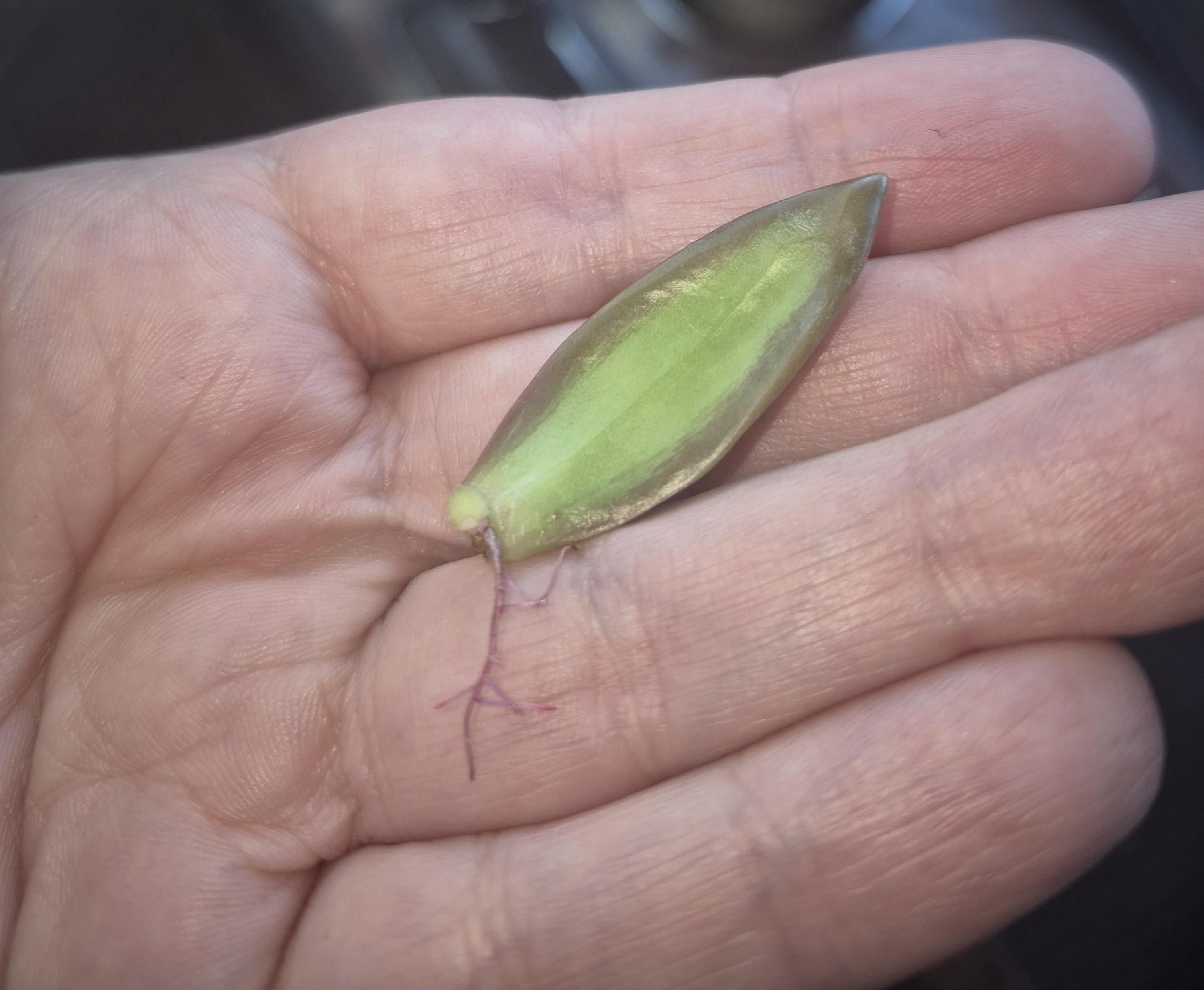 Punktzahl! Ich habe noch nie etwas proplifted, das bereits mit dem Rooten begonnen hatte! Irgendwelche Ideen, von welcher Sukkulente das ist? Der Umriss ist leicht rosa. Von: Illustrious-Ball6437
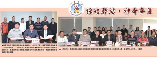 2014/12/31由寧夏旅遊局副 局長徐曉平召開,寧夏旅遊局與台 北寧夏(夜市)商圈發展協會合作 座談會,希望推廣寧夏獨具特色的 旅遊目的地的鮮明形象,吸引更多 台灣遊客到寧夏旅遊,雙方並簽署 合作協定,建立管道,以期達到互利共贏 的成效。
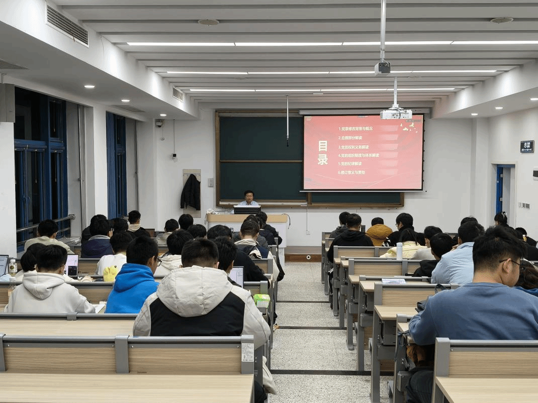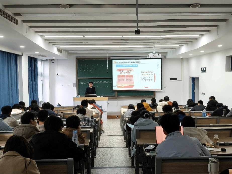 11月30日,李鹏副教授以“在接续奋斗中谱写中国式现代化新篇章——深入学习贯彻党的二十届四中全会精神”为题,聚焦“党的四中全会”对于推进国家治理体系和治理能力现代化的部署与要求。他强调新时代青年要把个人成长融入国家发展大局,在学思践悟中提升服务社会的能力,努力成为担负民族复兴使命的生力军。
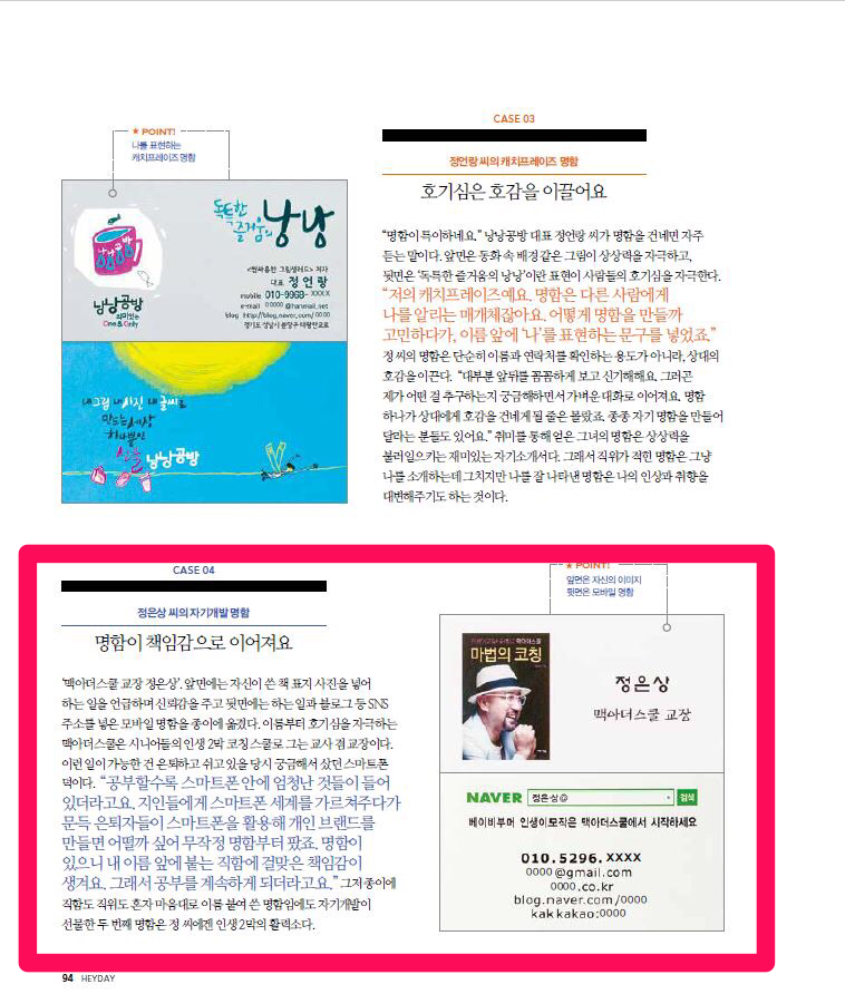 헤이데이HEYDAY 5월호에 소개된 나의 명함입니다. 인생이모작을 시작하는 베이비부머들이여, 자신을 당당하게 표현하는 명함을 가져 봅시다~*

Work to complete => Leaving every picture out, write out exactly the lines from the one that holds "2014/12/31由寧夏旅遊局副 局長徐曉平召開,寧夏旅遊局與台 北寧夏(夜市)商圈發展協會合作" through the end of the listing, both included.

Answer box =>
 2014/12/31由寧夏旅遊局副 局長徐曉平召開,寧夏旅遊局與台 北寧夏(夜市)商圈發展協會合作 座談會,希望推廣寧夏獨具特色的 旅遊目的地的鮮明形象,吸引更多 台灣遊客到寧夏旅遊,雙方並簽署 合作協定,建立管道,以期達到互利共贏 的成效。
 11月30日,李鹏副教授以“在接续奋斗中谱写中国式现代化新篇章——深入学习贯彻党的二十届四中全会精神”为题,聚焦“党的四中全会”对于推进国家治理体系和治理能力现代化的部署与要求。他强调新时代青年要把个人成长融入国家发展大局,在学思践悟中提升服务社会的能力,努力成为担负民族复兴使命的生力军。
 헤이데이HEYDAY 5월호에 소개된 나의 명함입니다. 인생이모작을 시작하는 베이비부머들이여, 자신을 당당하게 표현하는 명함을 가져 봅시다~*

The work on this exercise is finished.